Non giova neanche sapere che “ la legge di stabilità va bene anche all’’Europa”; certo, dati i vincoli cui ci si è assoggettati, ciò servirà ad evitare la procedura d’infrazione, ma non dà di per sé alcuna garanzia circa la sua funzionalità alla crescita; anzi, potrebbe generare un sospetto contrario, visto che da diversi anni “l’Europa”, privilegiando obiettivi finanziari, impone politiche recessive agli Stati in difficoltà. 

Ancora, il fatto che “vada bene” agli industriali, o “vada bene” ai sindacati dei lavoratori, è irrilevante nella valutazione di coerenza con gli obiettivi di crescita del reddito e dell’occupazione. Questi gradimenti possono essere legati a mutamenti negli equilibri di potere o all’avvantaggiarsi di interessi particolari, e quindi sono suscettibili di valutazioni politiche ma non esprimono una corrispondenza biunivoca con le grandezze aggregate quali il livello di attività economica e il tasso di occupazione. 

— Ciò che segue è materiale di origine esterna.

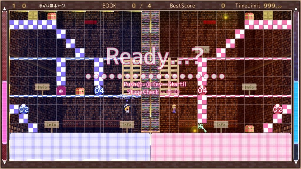 ですので、このゲーム自体もシナリオに沿う形で、魔理沙とアリスの2人のキャラクターをうまく使い分けながら本を回収し、ゴールを目指すといった非常にシンプル内容になっています。アクションにありがちなダッシュ操作もないので、必要なのはジャンプだけです。
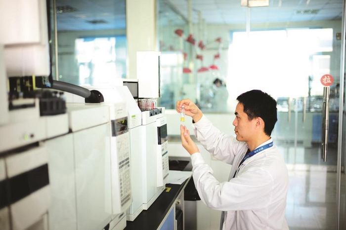 晨光生物科技集团技术研发中心人员正在进行实验操作。
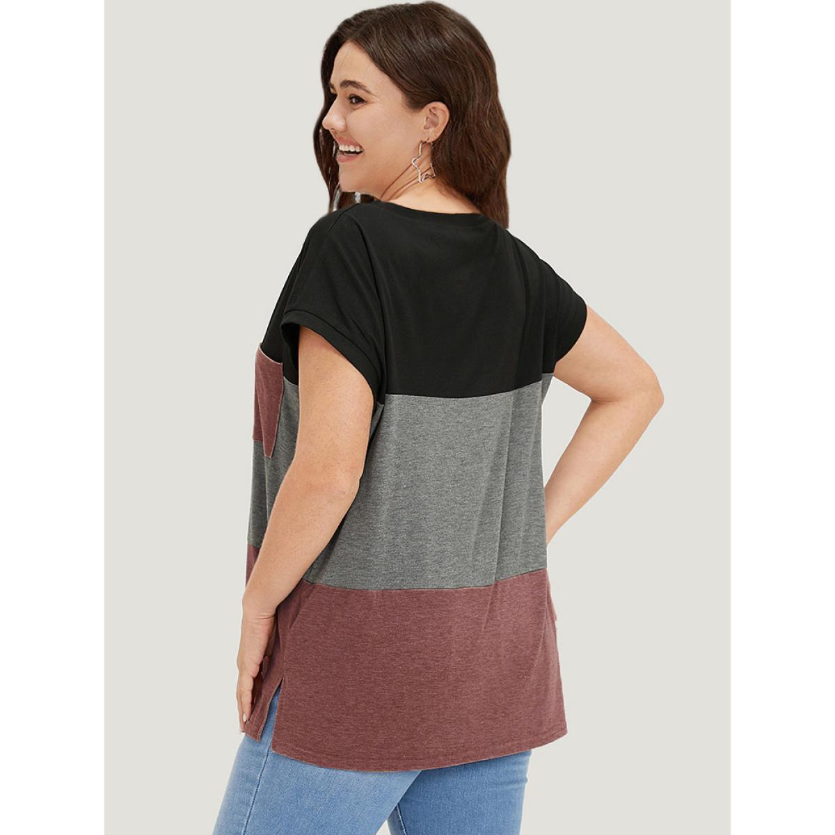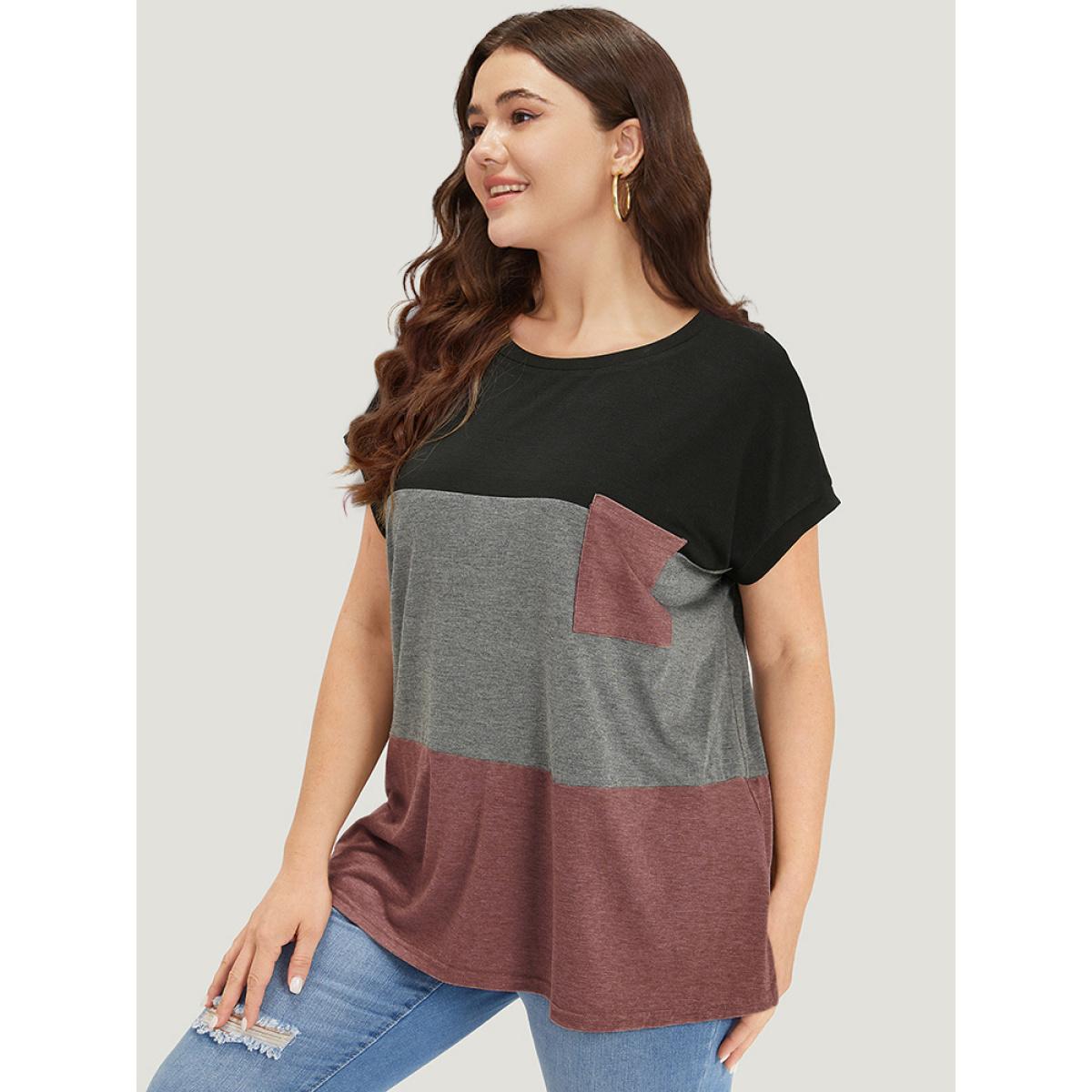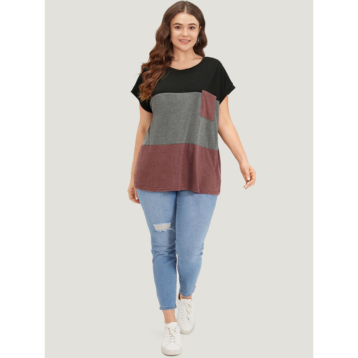 Plus Size Colorblock Contrast Patched Pocket Batwing Sleeve T-shirt Russet Women Casual Contrast Colorblock Round Neck Dailywear T-shirts BloomChic 18-20/2X

Queste precisazioni non sono superflue, perché molto spesso i commenti sulla legge finanziaria sono dominati proprio da prospettive di questo tipo, le quali possono avere un effetto distorsivo  sulla valutazione economica. Per tentare una valutazione complessiva anziché delle singole misure in una fase in cui i dettagli sono ancora oggetto di aggiustamenti di tipo ragionieristico, e presumibilmente anche di tipo lobbistico, si può cercare di cogliere la sostanza della manovra  focalizzando l’attenzione su alcuni aspetti principali. 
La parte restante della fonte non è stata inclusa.